Section: New Results

Estimation and control for Markov Processes

Participants: R. Azais, F. Bouguet, T. Bastogne

We have developed statistical inference techniques for estimating the jump rate of PDMPs (piecewise-deterministic Markov processes) [2] which is an essential step to build relevant application models. In [2], we state a new characterization of the jump rate when the transition kernel only charges a discrete subset of the state space and deduce from it a competitive nonparametric technique for estimating this feature of interest. Our methodologies have been illustrated on numerical examples and real data. We also investigated the probabilistic properties of the PDMPs [5] or more general Markov processes [31] that could be useful to study properties of estimators.

A bit more generally, we have made contributions to a variety of specific estimation problems. We considered the problem of estimation of integrals under Markov design, which has a large variety of applications, in particular in biology and climatology. In [24], we have developed and analyzed a technique for estimating the average value over space when sensors describe a Markovian trajectory; this method leads to rates that are better than the traditional “root $n$”-rate, where $n$ is the sample size, and was applied to the evaluation of the average temperature of oceans.

Control of stochastic processes is also a way to optimise administration (dose, frequency) of therapy.
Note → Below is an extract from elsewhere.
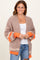 Cozy up in style with our Beige Chunky Knit Stripe Detail Sweater Cardigan. This oversized cardigan features a soft, chunky knit construction in a warm beige tone, accented by bold orange and cream stripes on the voluminous sleeves and hem for a pop of color. Designed with an open front and relaxed fit, it’s perfect for layering over your favorite casual outfits. The ribbed cuffs and hem add extra comfort and shape, while front pockets bring functionality. Pair with jeans and a tee for effortless, laid-back chic. Embrace warmth and standout style this season!

In [8], we have presented the design and validation of a real time controller able to track a preset photobleaching trajectory by modulating the width of light impulses during the treatment sessions, which is useful in a Photodynamic therapy context. This innovative solution was validated by in vivo experiments that have shown a significantly improvement of reproducibility of the inter-individual photobleaching kinetics. This innovative controller is the first personalized solution able to adapt in realtime the dose of light to be applied in photodynamic therapy.